Augustus scooped punch out of the bowl and handed Ekatherina a glass. She accepted it with a nervous, grateful smile and cupped it with both hands as she sipped, as if she could disappear behind the red Solo.
“Did you wanna dance?” he asked.
“Dance? Oh. No, no,” Ekatherina said, and he remembered her dancing with the brightest smile as George Cairne led her across the floor.
> “You sure? I’m terrible, but that could be fun, too.”
His wife’s smile was courteous, but her eyes darted around the party, at all the people who had labeled her persona non grata. They wondered, as he did, why she was here. What kept her on the island. Why didn’t you call me sooner? I would have come. I didn’t think you wanted me.

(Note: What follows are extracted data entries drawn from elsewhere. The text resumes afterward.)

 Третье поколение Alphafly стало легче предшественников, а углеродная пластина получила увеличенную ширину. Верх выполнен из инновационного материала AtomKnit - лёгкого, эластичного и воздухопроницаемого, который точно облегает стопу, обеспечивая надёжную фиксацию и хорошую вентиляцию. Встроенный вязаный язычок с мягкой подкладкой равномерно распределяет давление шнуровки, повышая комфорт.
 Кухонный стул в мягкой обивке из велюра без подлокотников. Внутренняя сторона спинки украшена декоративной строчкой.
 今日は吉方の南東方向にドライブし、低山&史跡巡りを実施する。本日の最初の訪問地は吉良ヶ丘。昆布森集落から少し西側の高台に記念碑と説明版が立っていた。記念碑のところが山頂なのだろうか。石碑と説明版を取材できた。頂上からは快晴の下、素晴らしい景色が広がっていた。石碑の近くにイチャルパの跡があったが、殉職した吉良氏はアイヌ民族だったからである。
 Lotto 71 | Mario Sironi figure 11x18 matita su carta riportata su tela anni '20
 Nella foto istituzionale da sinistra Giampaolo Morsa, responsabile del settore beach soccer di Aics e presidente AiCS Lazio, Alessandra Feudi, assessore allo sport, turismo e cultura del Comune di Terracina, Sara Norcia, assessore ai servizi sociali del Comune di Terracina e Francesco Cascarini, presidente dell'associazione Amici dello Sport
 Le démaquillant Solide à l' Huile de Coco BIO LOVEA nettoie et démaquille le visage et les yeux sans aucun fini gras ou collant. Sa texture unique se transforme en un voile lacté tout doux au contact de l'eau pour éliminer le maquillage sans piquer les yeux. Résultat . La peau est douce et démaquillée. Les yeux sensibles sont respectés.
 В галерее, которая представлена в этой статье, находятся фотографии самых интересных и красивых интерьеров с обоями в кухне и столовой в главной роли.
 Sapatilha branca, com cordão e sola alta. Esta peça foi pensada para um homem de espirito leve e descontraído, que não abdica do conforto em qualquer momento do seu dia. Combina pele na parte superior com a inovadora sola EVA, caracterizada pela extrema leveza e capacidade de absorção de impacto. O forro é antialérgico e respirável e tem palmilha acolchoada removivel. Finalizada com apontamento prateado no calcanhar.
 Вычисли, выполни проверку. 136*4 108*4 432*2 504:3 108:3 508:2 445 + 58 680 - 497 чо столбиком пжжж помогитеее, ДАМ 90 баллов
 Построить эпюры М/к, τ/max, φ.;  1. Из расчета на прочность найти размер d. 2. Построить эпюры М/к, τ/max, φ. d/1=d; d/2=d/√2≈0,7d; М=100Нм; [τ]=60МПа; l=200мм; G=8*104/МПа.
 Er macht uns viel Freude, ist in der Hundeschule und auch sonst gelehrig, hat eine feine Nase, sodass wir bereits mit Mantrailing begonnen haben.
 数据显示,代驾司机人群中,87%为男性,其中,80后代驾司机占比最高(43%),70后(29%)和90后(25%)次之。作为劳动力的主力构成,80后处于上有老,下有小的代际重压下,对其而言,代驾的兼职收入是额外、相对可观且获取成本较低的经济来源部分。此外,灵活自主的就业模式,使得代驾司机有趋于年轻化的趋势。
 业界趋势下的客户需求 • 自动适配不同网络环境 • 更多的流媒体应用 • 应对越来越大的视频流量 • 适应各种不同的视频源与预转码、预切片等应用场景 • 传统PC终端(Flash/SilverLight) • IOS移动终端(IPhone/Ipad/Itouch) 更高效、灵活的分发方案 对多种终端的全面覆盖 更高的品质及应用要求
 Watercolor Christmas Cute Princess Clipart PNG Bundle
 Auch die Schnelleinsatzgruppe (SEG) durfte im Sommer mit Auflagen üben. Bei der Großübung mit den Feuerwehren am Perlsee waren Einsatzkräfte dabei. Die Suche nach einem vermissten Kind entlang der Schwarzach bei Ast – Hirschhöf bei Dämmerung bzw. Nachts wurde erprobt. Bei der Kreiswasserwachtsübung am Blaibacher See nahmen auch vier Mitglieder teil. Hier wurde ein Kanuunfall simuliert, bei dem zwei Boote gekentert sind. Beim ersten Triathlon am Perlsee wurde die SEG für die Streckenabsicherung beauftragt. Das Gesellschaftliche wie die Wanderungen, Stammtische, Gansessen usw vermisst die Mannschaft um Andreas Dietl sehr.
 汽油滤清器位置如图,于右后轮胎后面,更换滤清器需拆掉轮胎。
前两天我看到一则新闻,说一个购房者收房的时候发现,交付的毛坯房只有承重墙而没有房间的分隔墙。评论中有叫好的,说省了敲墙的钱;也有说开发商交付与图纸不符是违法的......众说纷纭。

His stomach seized. None of this was right. He could pretend, but that had never been his strength. You addressed, or you moved on, but you didn’t dwell and you didn’t paint a picture that didn’t exist.
“Do you wanna go home, Ekatherina?”
“We just got here.”
“But do you?”
She dropped her eyes into her punch. Nodded.
“Not just home on the island. I mean home to New Orleans. It’s time, don’t you think?”
Augustus scanned the room with his own challenging stare. These close-knit islanders didn’t scare him. They didn’t intimidate him, and their sympathy wasn’t only unwelcome, it was inhospitable.
He removed the cup from her hands and kissed her in front of everyone.
She was his, and he was hers again.
He wanted them all to know.
For the last time.
Seventeen
Over the Hills and Far Away
A light snow blanketed Arthur’s Seat, the volcanic hill overlooking Holyrood Park and the whole of Edinburgh. Colleen’s eyes glazed, and her heart sagged, heavy with homesickness. The campus was a ghost town two days prior to Christmas, but outside the thatched windows and gothic spires, the city bustled with holiday activity. This was the Christmas of Dickens and other novelists who sought to bring the magic to life on the page.
News from home chipped away at her sleep and focus until there was little left. Charles and Augustus had solved Maureen’s problem, but in a way she might never forgive any of them for. She was married to the man now, quietly, in a hushed reception at the City Hall that happened so fast Colleen hadn’t even had time to fly in. All her calls to Maureen went unanswered, and she knew why. But even as she struggled with the choice her brothers made, she understood it. Was that not, maybe, why she’d asked Charles to take the lead? So he could do what she could not?